The finance ministry, in consultation with the Prime Minister’s office, would evolve a mechanism to give an impetus to the manufacturing sector. The move was aimed at increasing the rate of growth in manufacturing to 12% from the present 9%, finance minister P Chidambaram said on Wednesday.
After an interactive session with four apex industry chambers, he said reforms in power and mining sectors, and fiscal sops for employment-intensive industrial clusters would get priority in the action plan. Chidambaram also indicated that industry chambers’ demand for fiscal concessions for investments made by corporates in ITIs would be favorably considered.

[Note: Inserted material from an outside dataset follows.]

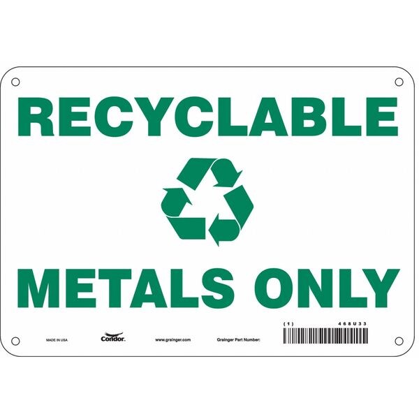 SKU G5202948Categories SafetyDescription Safety Sign, Vertical Rectangle, Number of Printed Sides 1, English, Sign Legend Recyclable Metals Only, Sign Legend Background Color White, Sign Legend Style Symbol and TextgraingerSKU: 468U33, mscSKU: , zoro_no: G5202948, mongo_id: 65bbe6983aaddbd5a903da31

Addressing media persons, he said, the industry bodies also raised their concern over the non-availability of long-term debt. “We have set up India Infrastructure Finance Corporation. Earlier we had set up Infrastructure Development Finance Corporation. We have also taken steps to deepen and broaden the debt market,” Chidambaram said.
The minister said that the industry underlined the shortcomings in the power sector, despite the New Electricity Act. There were problems faced by IIPs, captive power generators and issues relating to wheeling of power. Other issues in power sector pertained to the payment security mechanism, state taxes on power consumption etc., he pointed out.
Chidambaram added that the industry had noted that there is shortage of skilled manpower. He pointed out that last year under the private public partnership model, 83 ITIs were set up. This year the government is targeting to set up 100.